Essentially, Estate Planning is a trust, it’s a pour‑over will, it’s a general durable power of attorney and it’s a healthcare power of attorney. Those are the documents that are usually encompassed by the concept of an estate plan.

Q:

Then can I sit back and say, “We have done our estate planning"?

A:

Yes. Again, there can be other things down the road. For higher net worth individuals, there’s a different type of trust that can be used that would double what is now $5,250,000 that can be passed tax free, so that each member of the marriage could leave that same amount, that $5,250,000. Now you’ve got $10.5 million that you can pass on to your kids tax free. So, depending on your financial situation, there are other things that can be done. There are various and sundry other types of estate planning things that can be done that the average person doesn’t need. There are things called irrevocable life insurance trusts or ILITs. But those are things that most people don’t need. There are some people who can use them.

There’s a lot of things that can go into it, but for the average person having a revocable living trust, which again, revocable means you can revoke it later, but you can also ‑‑ and this is more important for most people ‑‑ you can amend it. That gives you flexibility that as things change over time, whether it’s the age of distribution.

As an example, if you started out and you prepared a trust and your kids were three and five years old. It’s going to be distributed at 25. As your kids get older, maybe you see that 25 is either way too early for both of them, or maybe it’s too early for one and perfect for one of the others. Maybe you have to amend your trust so that one child doesn’t get it until 30 or 35, but the other is good at 25.

There are lots of things that over time you may need as they get older, in addition to changing trustees or other things.

Occasionally you have a parent that says, “This particular child of mine is musically gifted. We want them to be able to go to a place for training in music, Juilliard, exactly.” That’s not a regular college.

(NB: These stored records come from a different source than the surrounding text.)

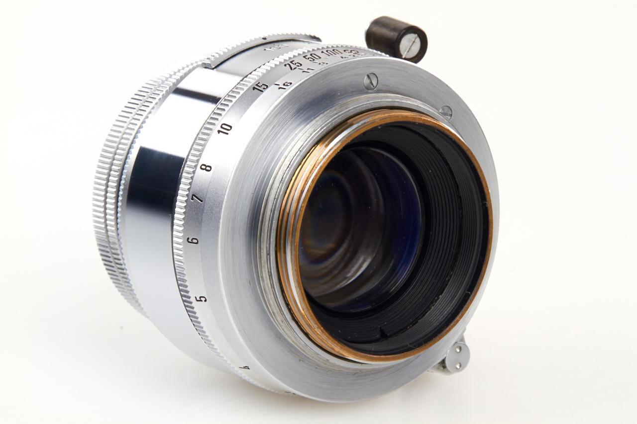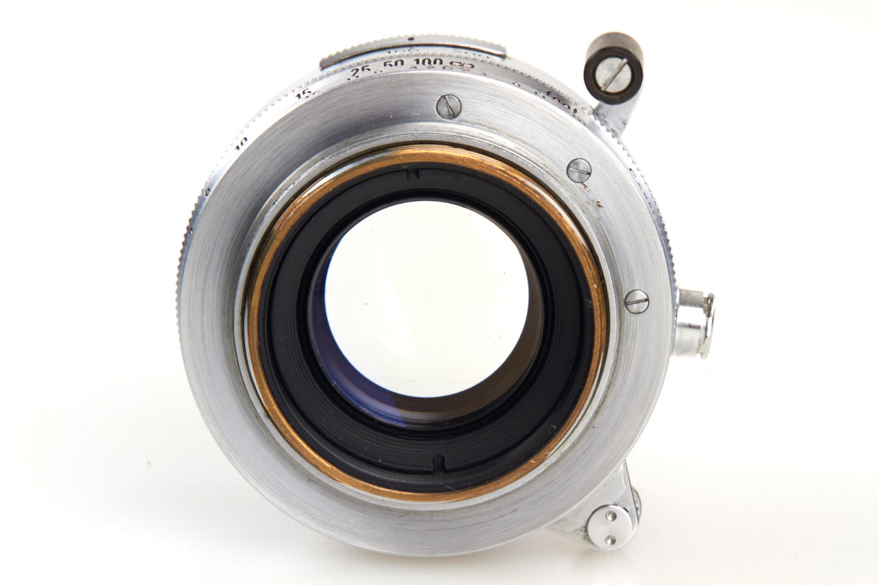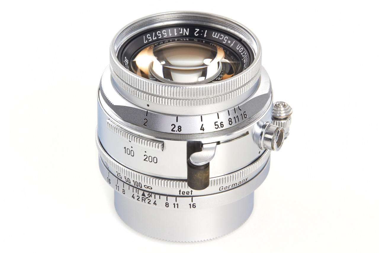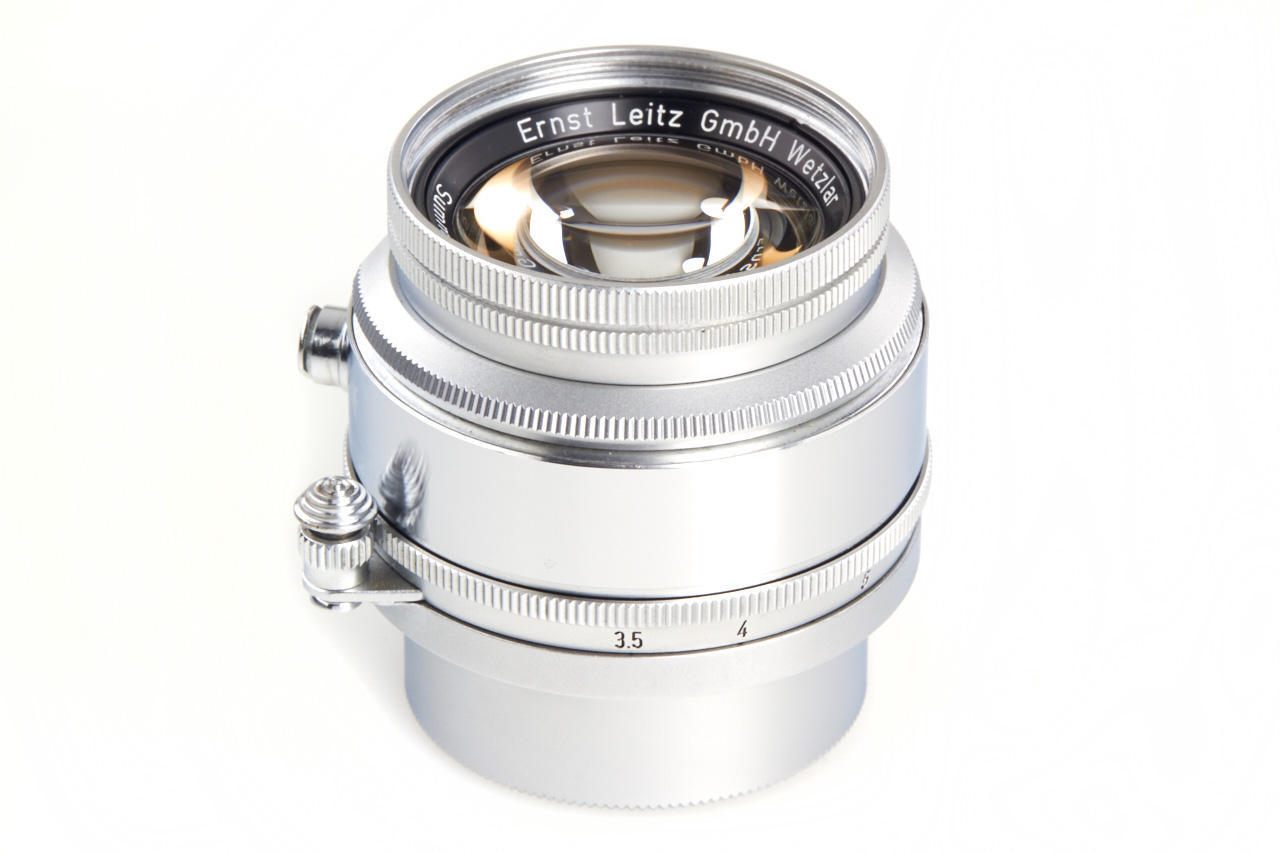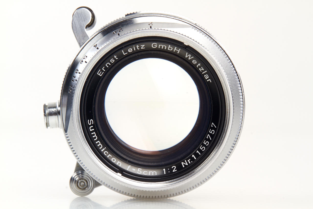 very rare Summicron with built-in Compur shutter, synchronised for 1/100 + 1/200 sec., feet scale, engraved 'Germany', in new condition with perfect clean optics, with the original shutter release linkage and both caps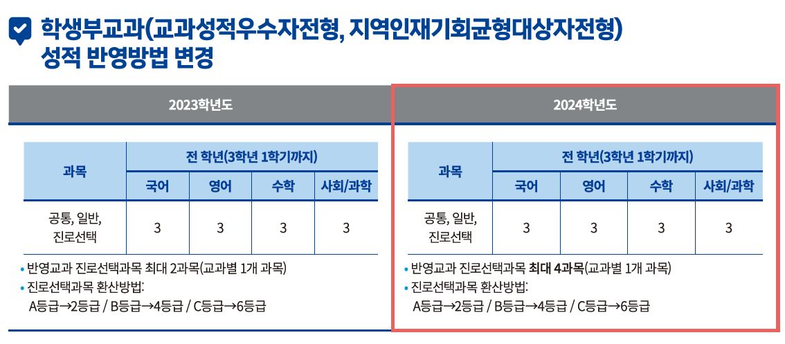 2024학년도 수시모집 동아대학교 학생부 성적산출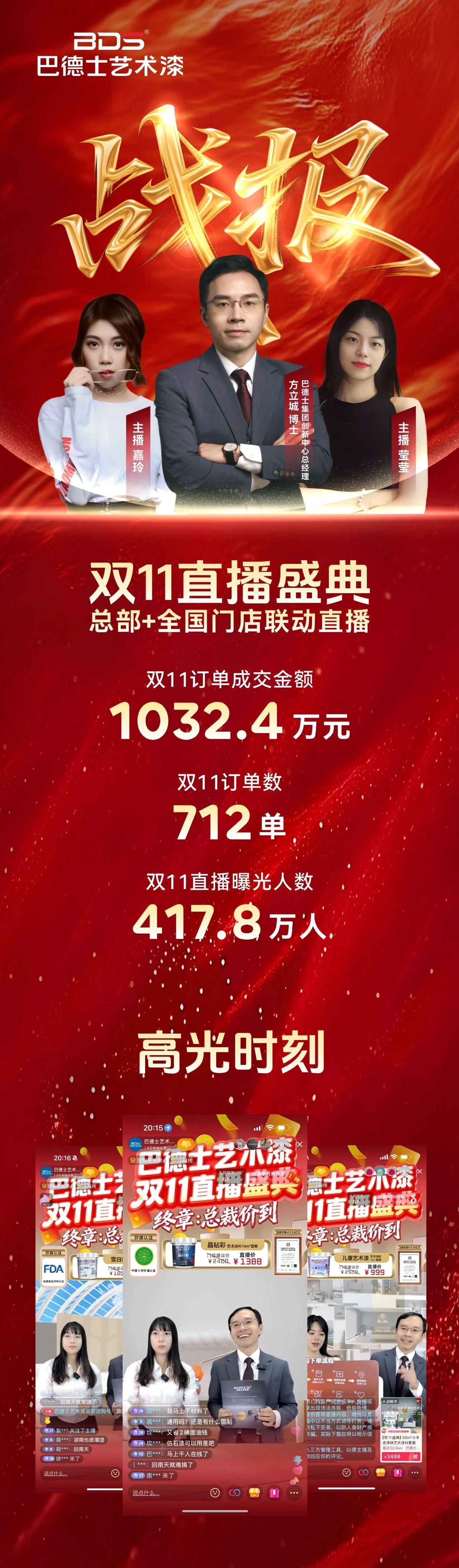 從總部運營到門店執(zhí)行,從內(nèi)容創(chuàng)作到客服承接,各部門緊密配合;全國經(jīng)銷商積極轉(zhuǎn)發(fā)引流,共同為終端業(yè)主提供專業(yè)、高效的服務(wù)體驗。這是巴德士體系化作戰(zhàn)能力的集中體現(xiàn)。

You can put in provisions that say, “We feel that the trust should be used to encourage them to pursue their musical talents wherever that might take them,” or “We want this kid to go to a school to be a chef or something, because they really like that sort of occupation.”

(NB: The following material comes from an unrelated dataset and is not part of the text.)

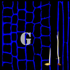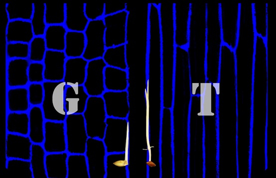 图:GY1基因的等位变异GY1376T与长中胚轴相关。左侧:对照日本晴品种,含有对照GY1376G,具有短中胚轴和胚芽鞘,蓝色荧光显示细胞较短。右侧:Kasalath品种,含有优异等位变异GY1376T,具有长中胚轴和胚芽鞘,蓝色荧光显示细胞较长。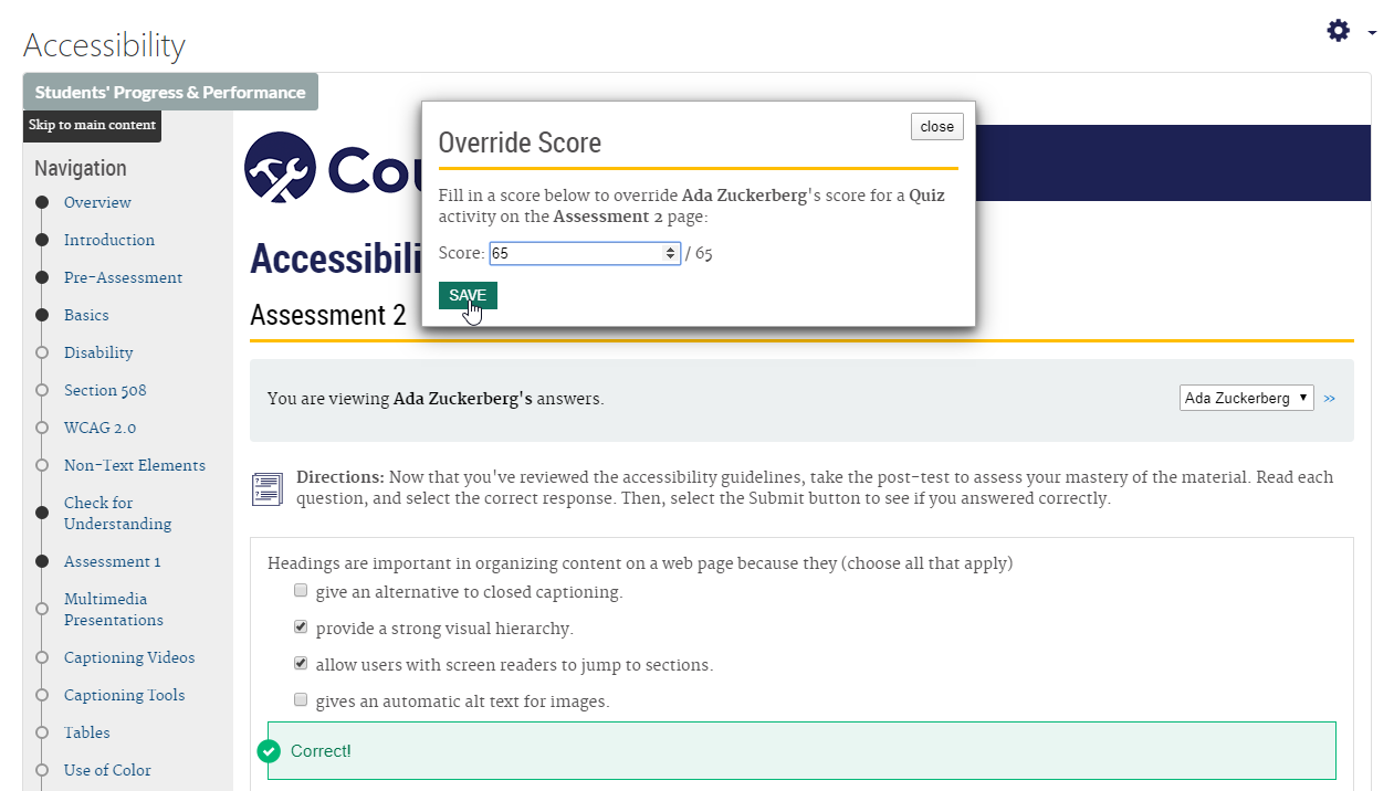 Instructors have two options to adjust student scores: score reset and score override. Score reset allows a student to redo an activity to earn a new score. Score override allows an instructor to change the points awarded for a completed activity. Both options are available in the instructor view for cumulatively scored courses via the Student Progress & Performance dashboard.

You can specify those things. People put stuff in trusts to allow their kids to go on church missions or to pay fees for certain milestones in their lives. Again, maybe they get a distribution of a certain amount of money if they get a college degree. Or maybe when they get married, the trust will distribute a certain amount of money so they can set up a household or when their first child is born, there’s a certain amount of money. There are lots of things like that that can be incorporated in the trust.